START MATERIAL PROVIDED

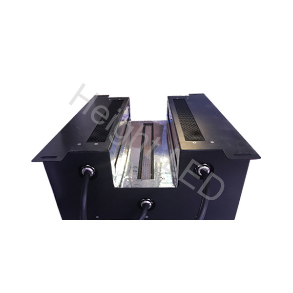 三面出光,頂部及左右兩側,照射面積都是300x20mm,頂部395nm,兩邊365nm,散熱方式:風冷
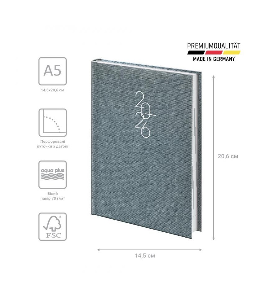 Датований щоденник BRUNNEN 2026 Стандарт — стильна класична модель. Оптимізований простір для записів та зручна навігація. Особливості: Три мови: українська, англійська, німецька. Загальна кількість сторінок — 336. Одна сторінка — один день. Організатор часу з 07:00 до 22:00. Якісний друк у сірому кольорі. 4 сторінки для загального планування на рік. Розширений інформаційний блок. Білий європейський папір 70 г/м2. Закладка-лясе та відривні куточки з датою. Стильна обкладинка Linesse. Золоте тиснення.
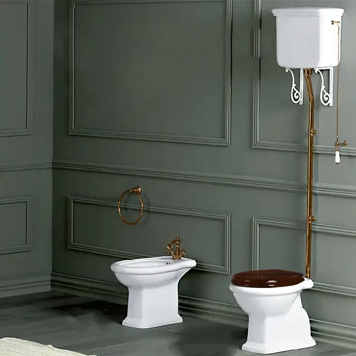 SIMAS Lante Унитаз напольный 38,5х58см, выпуск в пол, с высоким бачком, без кронштейнов, с фурнитурой цвета бронза
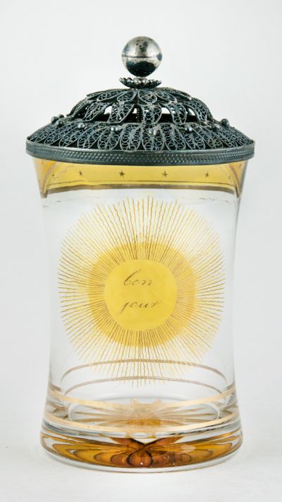 Azonos talp- és szájátmérőjű, testének középrészénél összeszűkülő pohárforma. Alján ovális alakú csiszolatok, falán ezüstpáccal és aranyozással kialakított motívumok: napkorong, középrészen bon jour felirattal. Alja fölött két aranyozott csík, szájpereme alatt ezüst-sárga mezőben aranyozott csillagok. A mezőt széles aranyozott csík, lent hullámvonal kereteli.
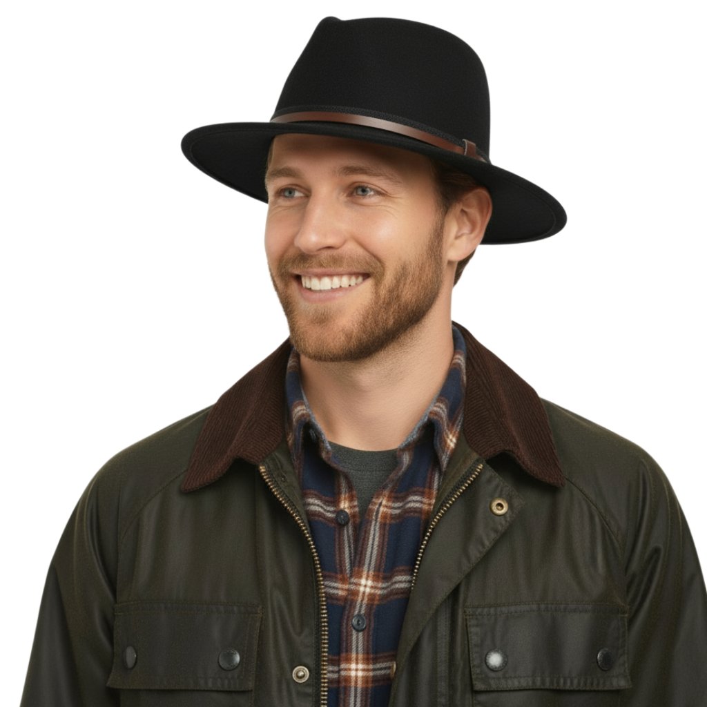 Cestovní klobouk vlněný od Fiebig - černý s dvoubarevnou koženou stuhou - širák
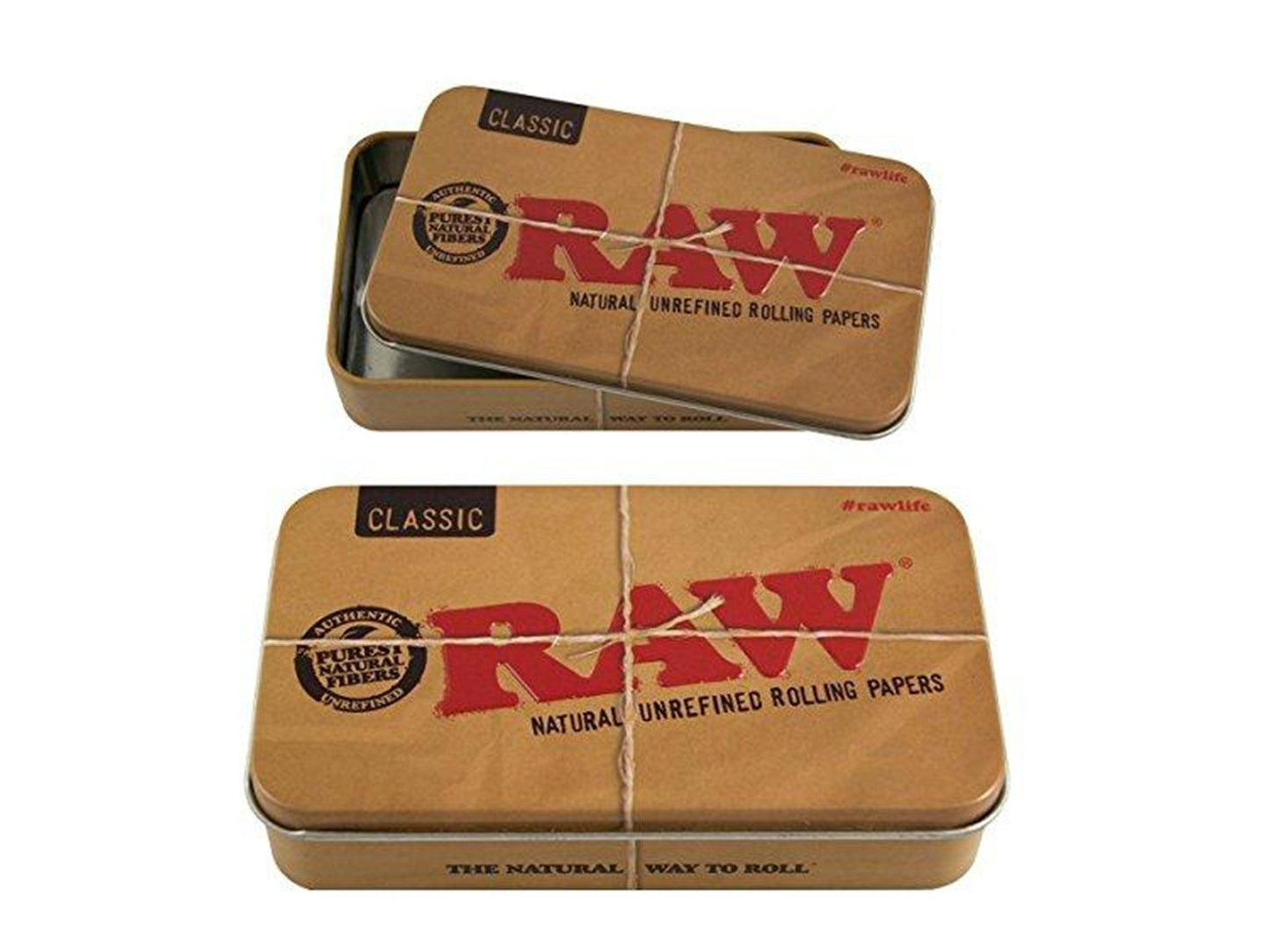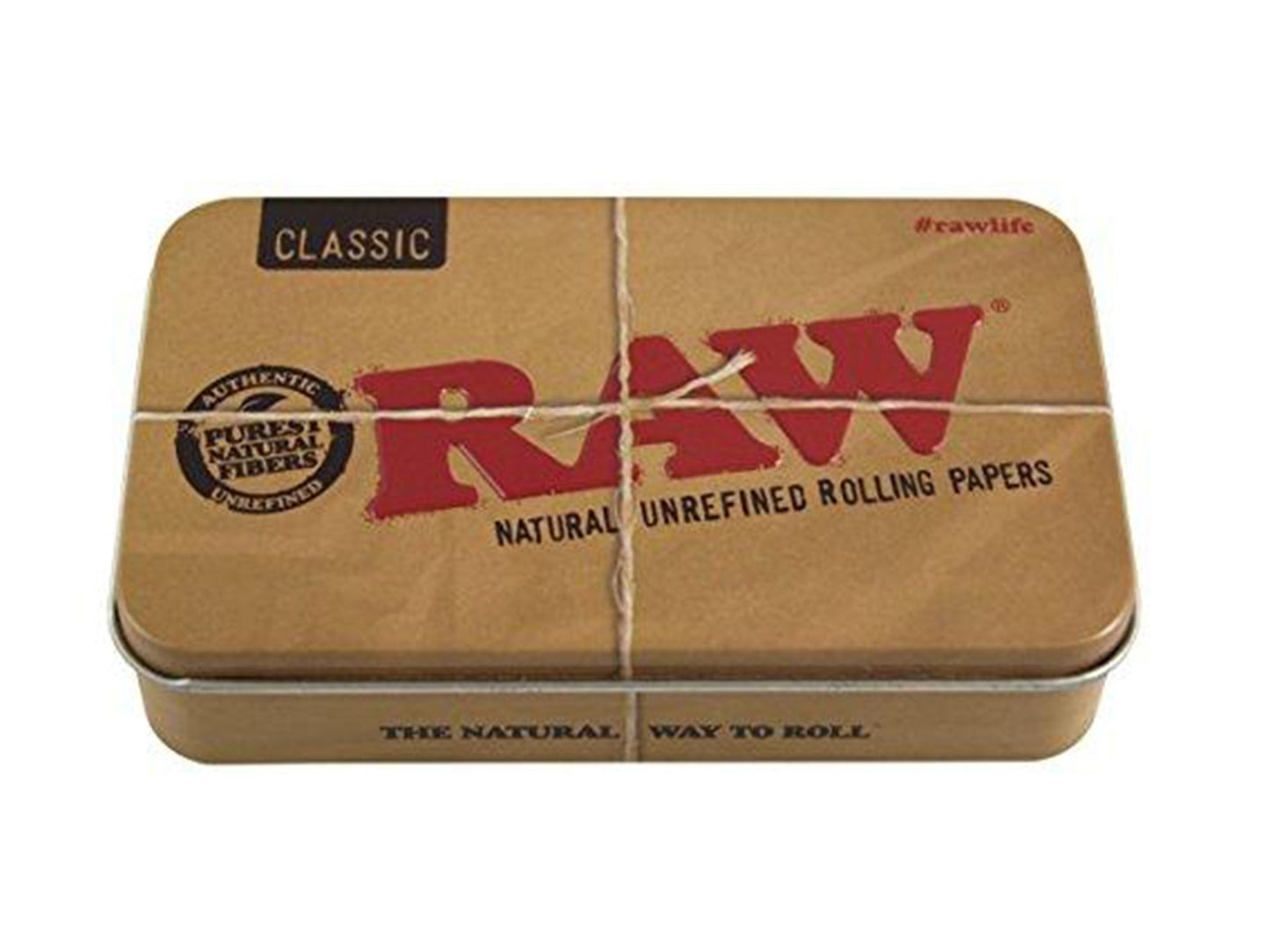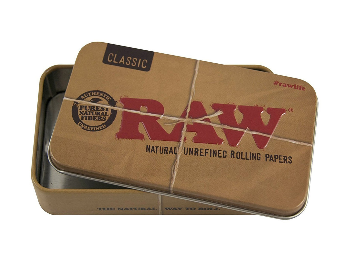 Fully printed on the outside in the Raw Classic Design. The Raw logo is embossed in the lid. Big enough to hold all your essentials including King Size Slim papers Another handy bit of kit from Raw.

END MATERIAL PROVIDED

ACTIVITY:
Repeat each line word for word, from the one with "Azonos talp- és" down to the last line of the data, and keep the pictures out of it.

RESULT OF THIS TASK:
 Azonos talp- és szájátmérőjű, testének középrészénél összeszűkülő pohárforma. Alján ovális alakú csiszolatok, falán ezüstpáccal és aranyozással kialakított motívumok: napkorong, középrészen bon jour felirattal. Alja fölött két aranyozott csík, szájpereme alatt ezüst-sárga mezőben aranyozott csillagok. A mezőt széles aranyozott csík, lent hullámvonal kereteli.
 Cestovní klobouk vlněný od Fiebig - černý s dvoubarevnou koženou stuhou - širák
 Fully printed on the outside in the Raw Classic Design. The Raw logo is embossed in the lid. Big enough to hold all your essentials including King Size Slim papers Another handy bit of kit from Raw.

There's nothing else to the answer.